The Belgian Malinois is a fairly large dog that measures around 60cm at the withers in adulthood. There is a noticeable difference between the size of the two sexes. Males measure between 60 and 66cm at the withers and weigh between 25 and 30kg. Females measure between 56 and 62cm at the withers and weigh between 20 and 25kg. Because of their size, it’s important to train your Malinois properly from an early age. Don’t hesitate to ask a professional dog trainer for help with this.

The growth period of the Belgian Malinois can be divided into two very distinct phases: a phase of rapid growth, until they reach 8 or 9 months, then a phase of more stable growth. The Malinois finishes growing at around 19 months old. This dog breed takes longer to mature than small or medium-sized dog breeds. This is often the case with large dog breeds; some giant breeds, such as the Bernese Mountain Dog, can take up to two years to mature.
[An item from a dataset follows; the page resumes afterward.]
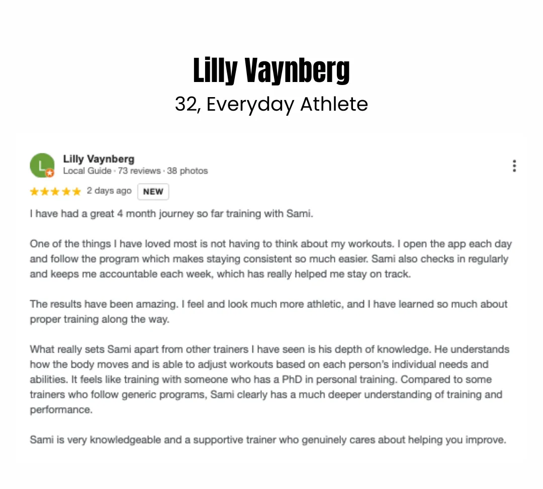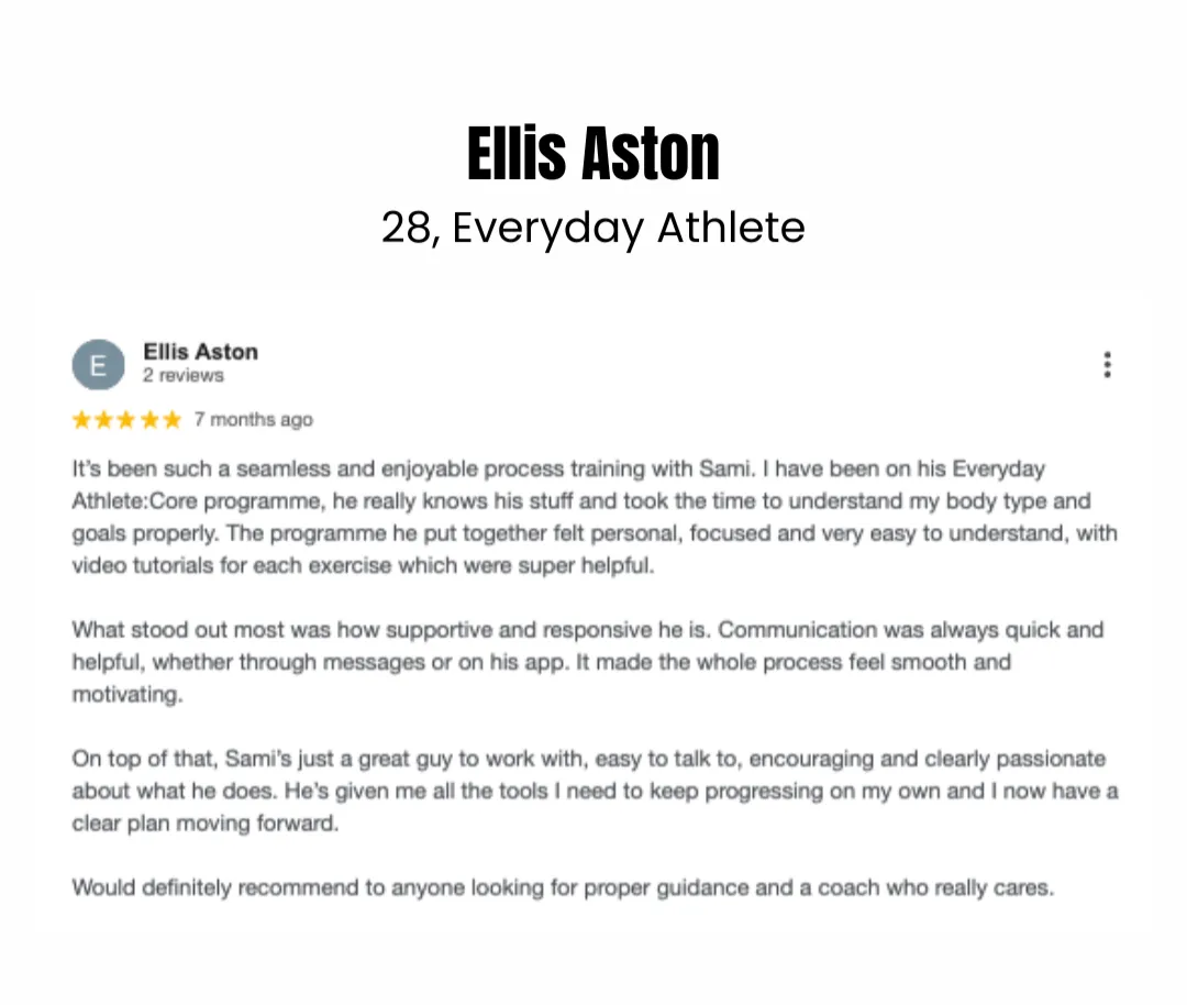 Most online plans are cookie-cutter generic templates. The Everyday Athlete programme is fully bespoke tailored programming, direct coaching access, injury management, performance tracking, and ongoing adaptations to fit your real life and goals. This is a direct reflection of the pricing.

You can usually estimate the adult weight of a dog by the age of 7 months because, by this point, a dog is considered to weigh two thirds of its final weight. Growth is a critical time for every puppy. Not only is this the time when your puppy forges a relationship with the world around them, but it is also the most crucial period for dog training, which needs to be taken seriously. During this time, it’s crucial to give your pooch lots of attention and be careful to protect their joints by avoiding putting too much strain on them. The Malinois is subject to hip dysplasia, which is a joint problem that could seriously affect your dog's mobility and therefore their quality of life.

So avoid letting your dog climb the stairs or engage in especially intense or rough games. Although the Malinois needs lots of exercise, it’s important to make sure your dog doesn't over-exert themselves either. Also be sure to provide your Malinois with a high-quality diet based on dry or wet dog food, perfectly adapted to meet their needs. Growing puppies need to eat enough to ensure they get all the nutrients they need. You will undoubtedly need to change your dog’s food as they grow older.